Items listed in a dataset

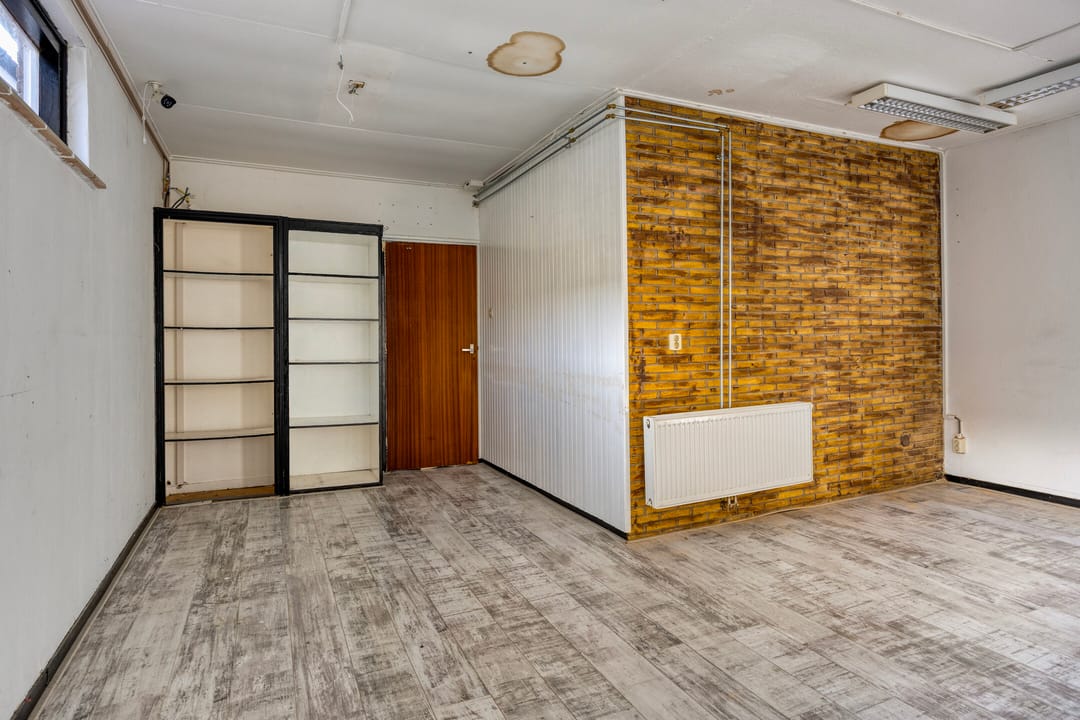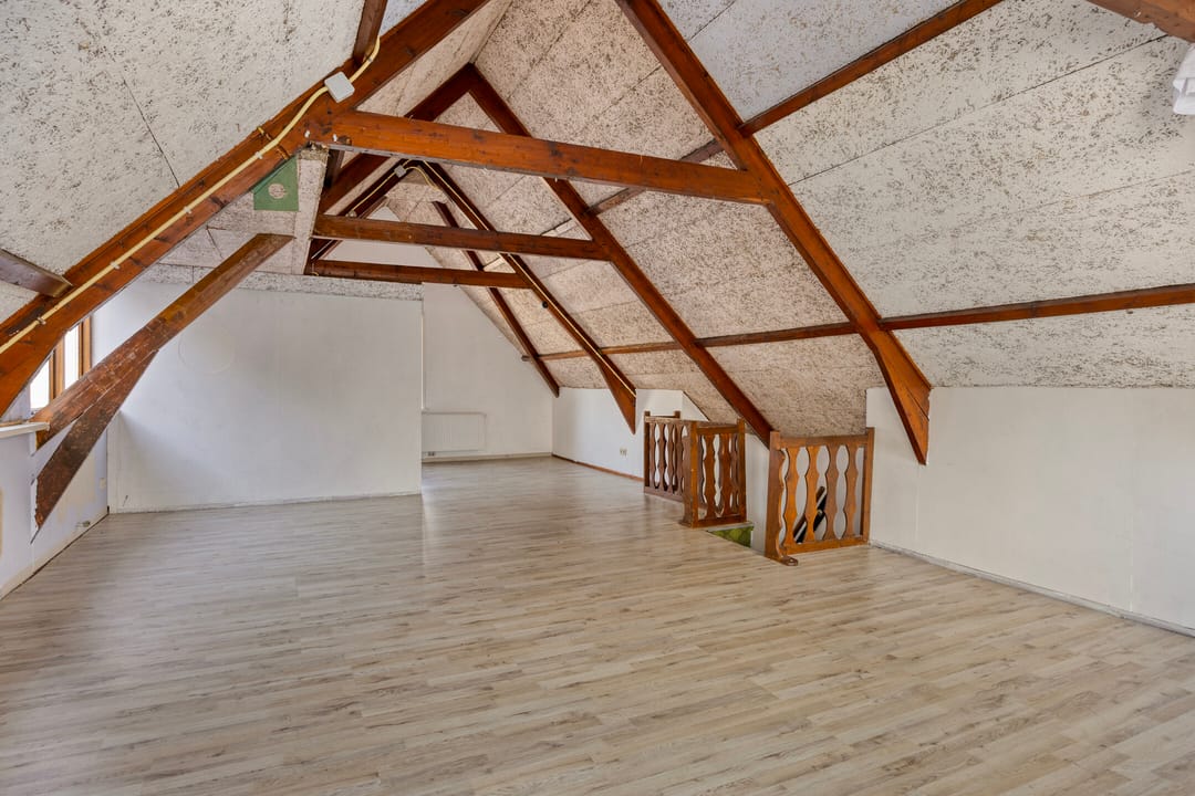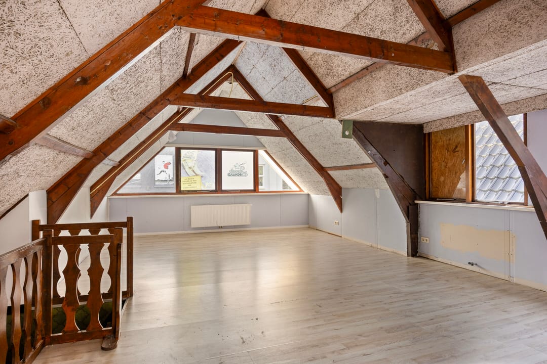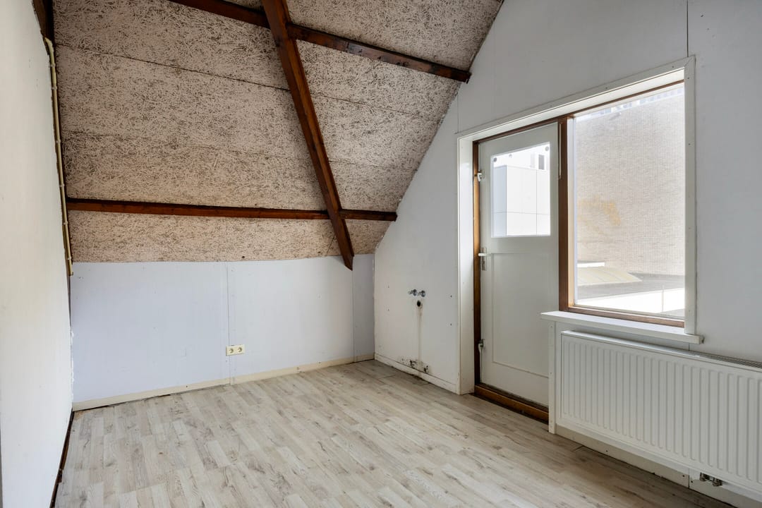 Entree, winkelruimte, meterkast, toilet, opslag met c.v.-ketel via vaste trap te bereiken verdieping die thans als één grote ruimte is ingedeeld met deur naar plat dak.
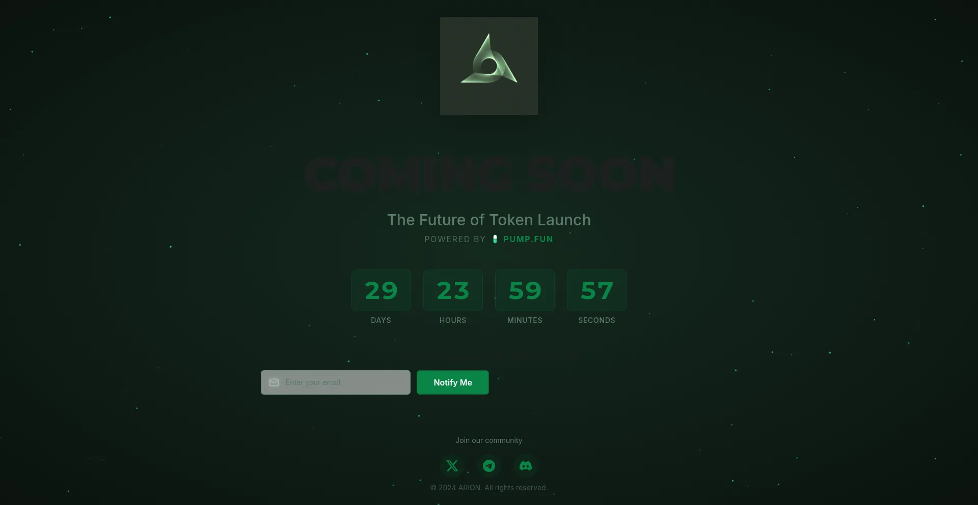 ARION token launch is coming soon. Powered by pump.fun on Solana. Join the waitlist to get notified when we launch.
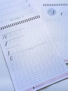 Obsahuje osvědčené rady a tipy, jak začít s moderní kaligrafií pro malé štětcové fixy. Má 41 stran, které Vás provedou kompletními základy moderního brush letteringu – čili psaní se štětcovými fixy. V písance najdete základní tahy, abecedu s malými i velkými písmeny, dny v týdnu, názvy měsíců.. dále se naučíte, jak spojit jednotlivá písmenka a také si vytvoříte vlastní projekt.
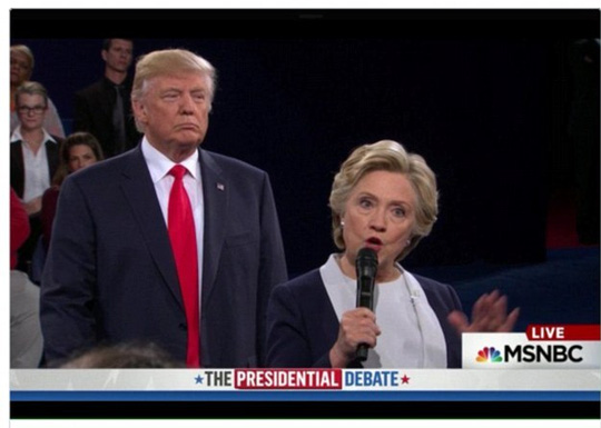 Ông Trump liên tục vòng ra sau lưng bà Clinton trong buổi tranh luận. Ảnh: Twitter
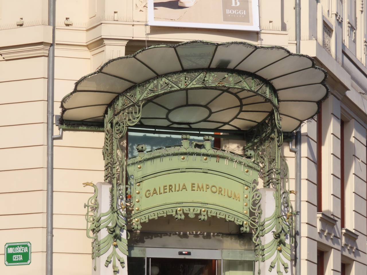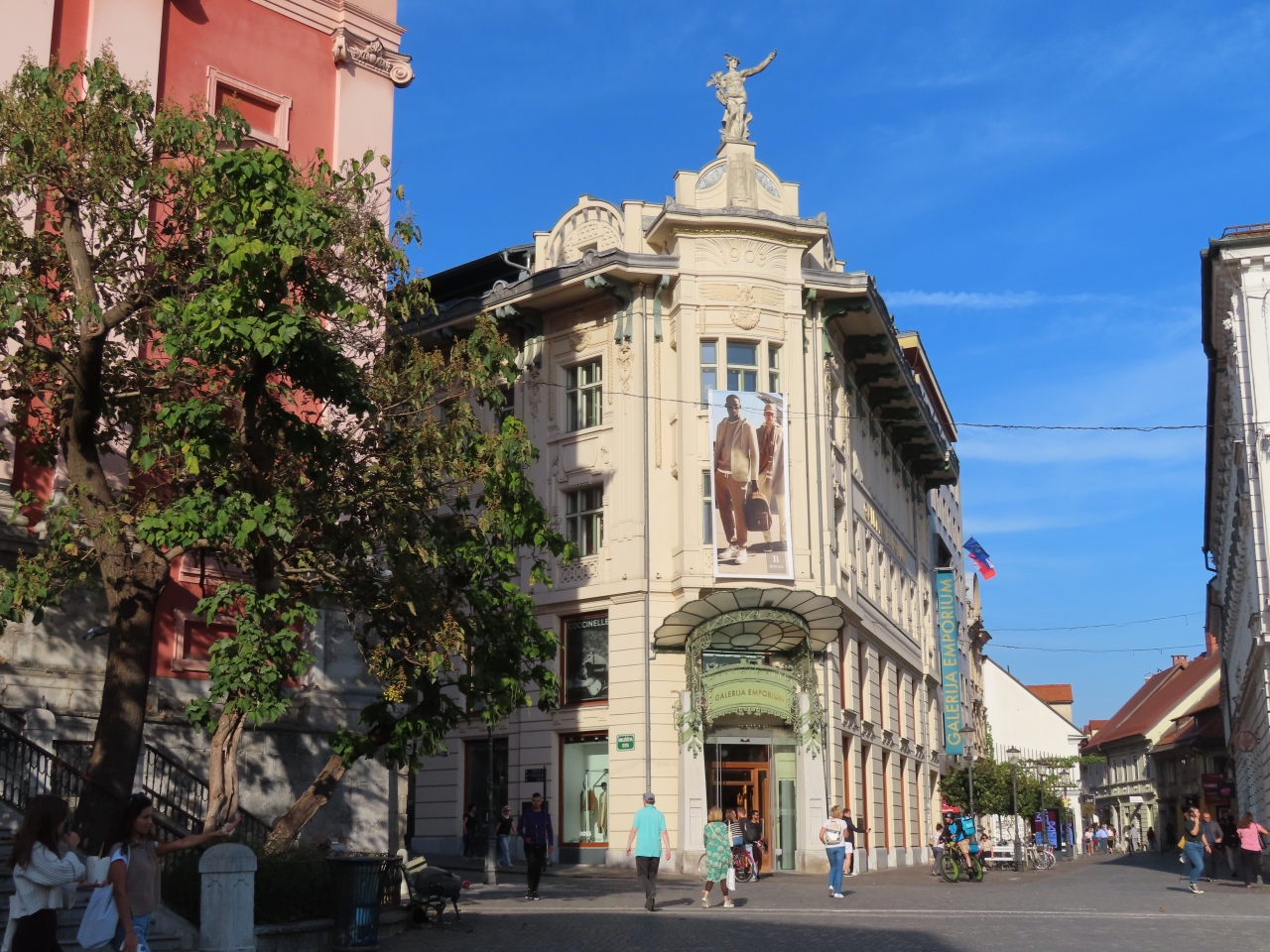 リュブリャナ三本橋新市街側の広場、一番目立つ赤い教会の右側にある美しい建物です。高級ブランド店が入っている商業施設のようですが、元は何だったのでしょうか。名のある建築に違いないと思います。てっぺんのエルメス像が有名なんだそうです。

**TASK REQUIREMENTS:**
The answer must be an exact copy of the lines from the one containing "Ông Trump liên" through the last line of the records, and nothing else. Pictures do not belong in it.

**WRITTEN REPLY:**
 Ông Trump liên tục vòng ra sau lưng bà Clinton trong buổi tranh luận. Ảnh: Twitter
 リュブリャナ三本橋新市街側の広場、一番目立つ赤い教会の右側にある美しい建物です。高級ブランド店が入っている商業施設のようですが、元は何だったのでしょうか。名のある建築に違いないと思います。てっぺんのエルメス像が有名なんだそうです。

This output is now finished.